Now managing a Games Unlimited store in Pittsburgh, Miss Kaplan still
uses his method. “Tell me flat out if I need to do something different,”
she says to her supervisor. Her career goal is to make video games or
work for DreamWorks (but only after “Shrek 3” is released — she wants to
be surprised).
Though no longer a student, Miss Kaplan belongs to a student
organization called the K.G.B., a swipe at the Cold War secret police.
The acronym does not, she says, stand for “Keep Geeks Busy.” An
on-campus variation of capture the flag is one of its signature
activities. Surrounded by a self-described “eccentric bunch of nerds,
geeks, freaks, visionaries, outcasts,” Miss Kaplan says, she feels
perfectly comfortable.
ASPERGER’S FACT SHEET
Jane Thierfeld Brown , director of student services at the University of
Connecticut School of Law and mother of an autistic child, helps
colleges set up programs for students with autism spectrum disorders.

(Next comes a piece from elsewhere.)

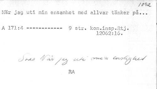 //// När jag uti min ensamhet med allvar tänker på,,. //// i //// A 171:4----—9 str, kom.insp .Rtj . //// 12062:16 * //// c) y ^^ ^ //// RA ////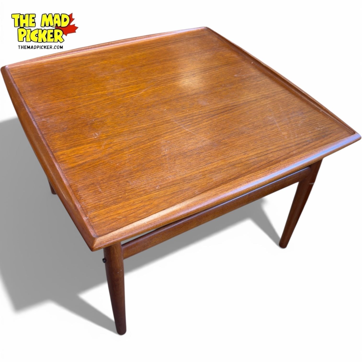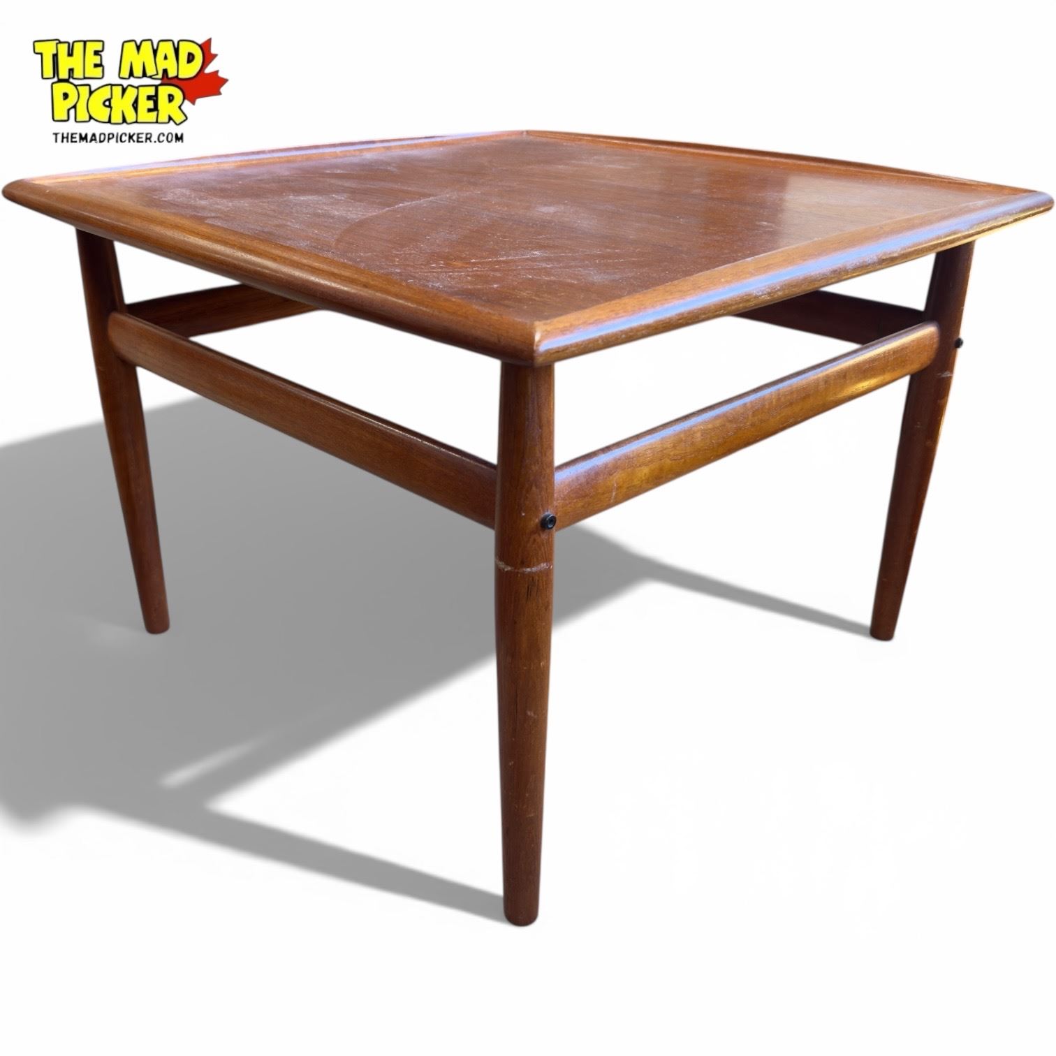 Mid-century modern teak coffee table designed by Grete Jalk for Glostrup M-belfabrik. Square top with clean lines and minimalist design, exemplifying Danish modern style. Made in Denmark. Dimensions: 26 1/2in x 26 1/2in x 19in tall. Iconic piece reflecting mid-20th-century craftsmanship.

The fact sheet she distributes to faculty members about Asperger’s
includes the following points.
TYPICAL SYMPTOMS
Poor eye contact
Inappropriate social interaction
Unusually strong, narrow interests
Above-average to superior intellect
Lack of voice intonation
Impulsiveness
Literal, concrete thinking patterns
CLASSROOM BEHAVIOR
Attempt to monopolize conversation
Go off on tangents when answering questions
Are distracted in long classes
Engage in self-stimulating behavior
(rocking, tapping, playing with “stress toys”)
Are argumentative
STRATEGIES
Break during class, particularly for movement
Redirect responses to bring student to the point

thank you so much for posting this article.
Christie
Colleges seem to be ahead of the game. I have looked into college programs for HFA and Asperger's. I found that the college where I graduated has a special program for HFA and Asperger's. They will help these students keep track of homework assignments and get assistance writing papers. I can see my son needing help with essay writing because language arts is a weakness for him. Entrance to the program requires a prior diagnosis of HFA or Asperger's. This is the one of the main reasons that I recently got an official diagnosis.
The article left off aggression as a trait. This is the problem I'm having with my second grader and because of agression he is being pushed out of grade school. I still hold out hope for college.
You took words out of my mouth. Yes, aggression is a major problem for Asperger kids. Even though college is too far, time flies. Another major area to worry about. Thank you for the article.